Benjamin Brown French, who had often disagreed with Adams on matters of policy, and had made many caustic comments about him personally in his diary, waxed more sentimentally upon Adams’s passing. Three months after Adams had passed, French remembered that Adams had once called upon him at his office while French was out. French visited Adams, when he learned why Adams had stopped by his house. “The main object of Mr. Adams’s desire to see me was, that I would aid him in getting a poor orphan boy appointed a page in the House.” This was the softer side of what many saw as a very hard man. But the most interesting entry took place the day after Adams died, when French was in the Capitol and he was alone with the remains of Adams:


No one was in the room save myself & the form . . . who but a short time since was well entitled the greatest & most learned Statesman of his country.
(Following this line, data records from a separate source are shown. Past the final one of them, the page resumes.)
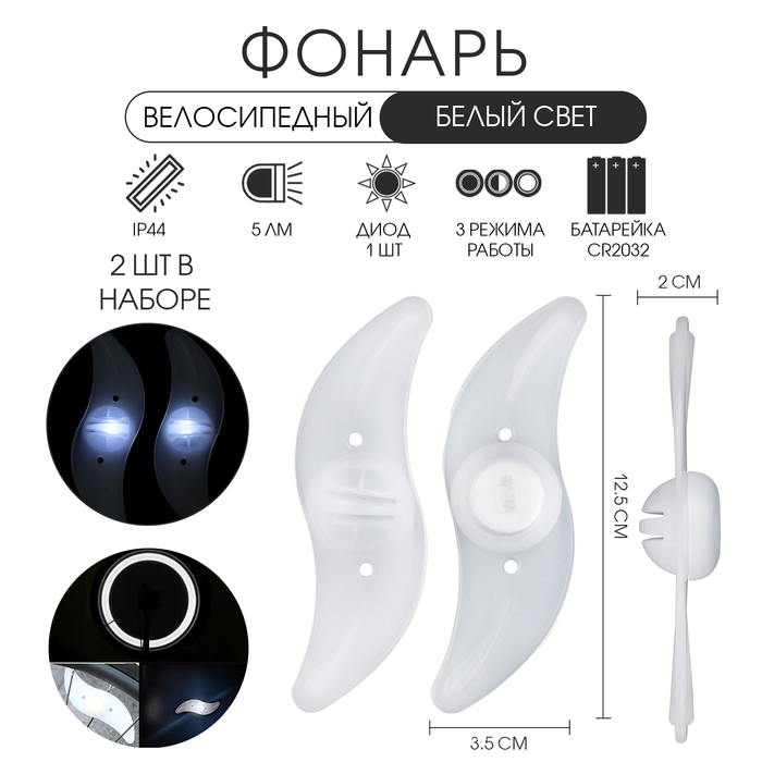Фонарь велосипедный на спицу, водонепроницаемый, 1 диод, 12.5 х 3.5 х 2 см, 2 шт, белый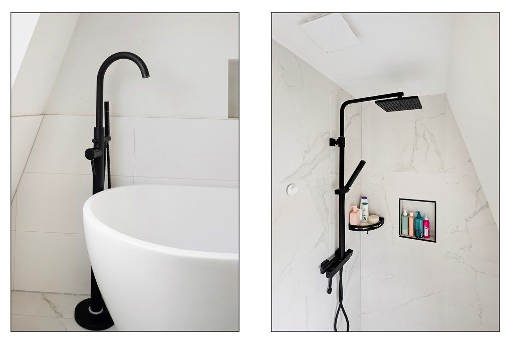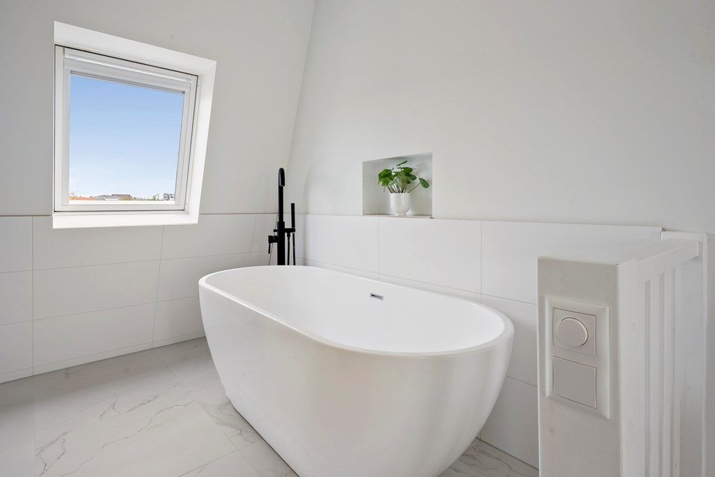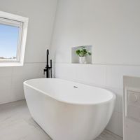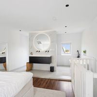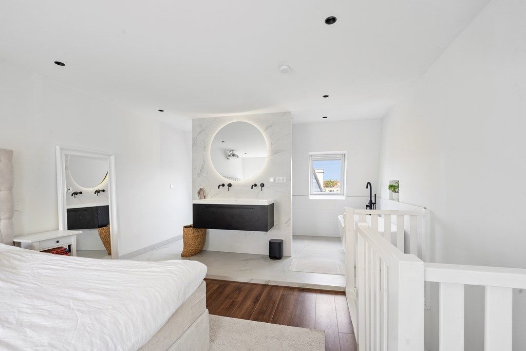 Op de eerste verdieping vind je twee slaapkamers, een inloopkast en een nette badkamer met inloopdouche en een wastafel met wastafelmeubel. De bovenste verdieping beschikt over een master bedroom met en-suite badkamer. Deze badkamer is voorzien van een inloopdouche, een ligbad, een dubbele wastafel met wastafelmeubel en een toilet.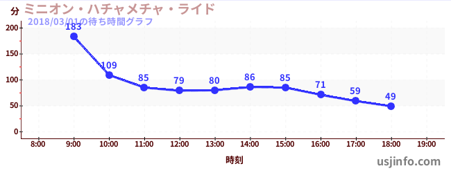 • ミニオン・ハチャメチャ・ライド$B$N(B2018年03月01日の待ち時間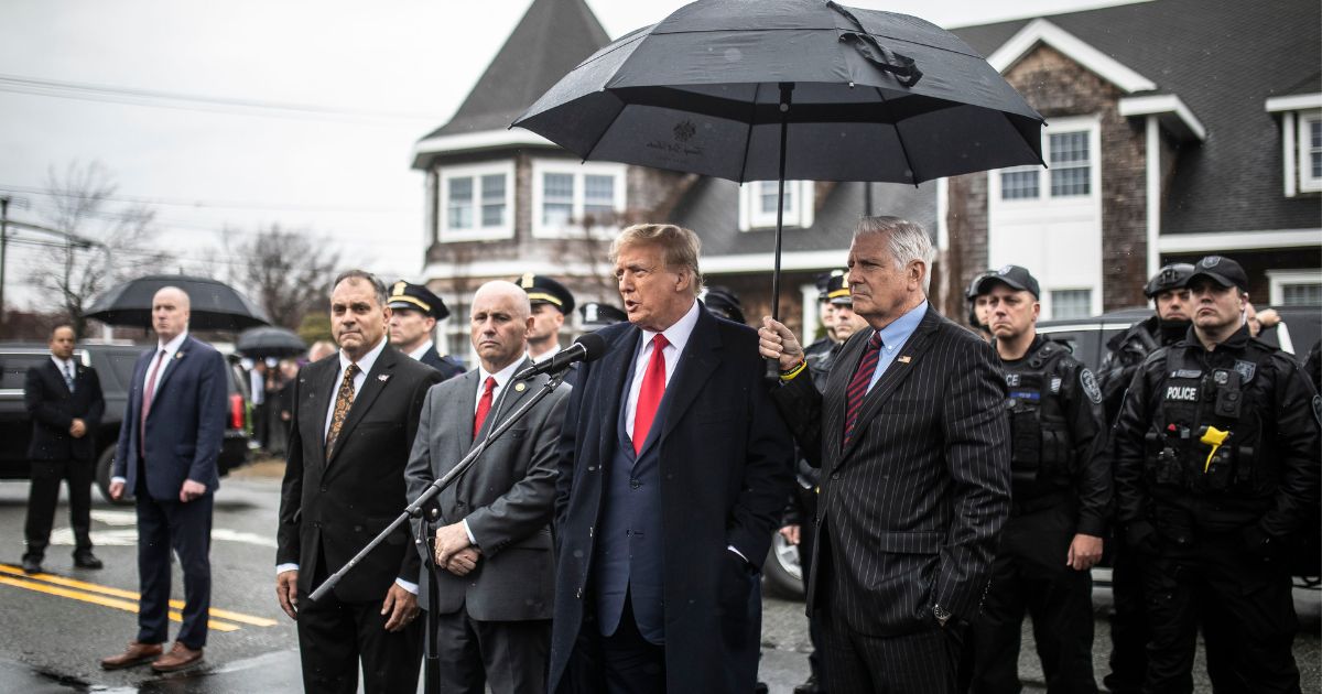 Bruce Blakeman, the Nassau County executive, holds an umbrella over former President Donald Trump as Trump speaks in Massapequa Park, N.Y., March 28, 2024. Blakeman is recruiting “special deputies” to deploy during disaster or unrest. Opponents say the move is dangerous. (Dave Sanders/The New York Times)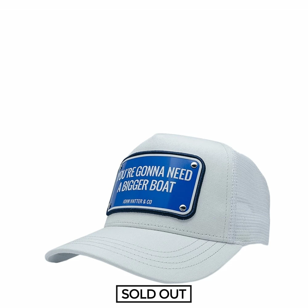 | Brand Model Product number Category Colour Material Climate Sweatband | JOHN HATTER YOU´RE GONNA NEED A BIGGER BOAT JH1013 Hat White Poly Blend Breathable Cotton |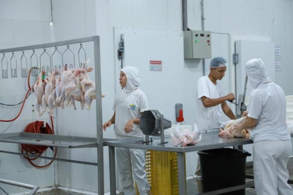 Abate, embalagem e congelamento das aves;

I could hardly realize that what I saw before me but yesterday contained the brilliant intellect, the almost unbounded information, the almost Godlike mind of John Quincy Adams—and that now it was but a clod of the valley[,] as unconscious & inanimate as the bier upon which it was well extended!! A great man has gone to the tomb, but his works & deeds of usefulness shall continue as long as his Country shall be known among the nations of the earth.


“John Quincy Adams, ‘the old man eloquent,’ who, as a scholar and statesman, surpassed any man this country has ever produced.”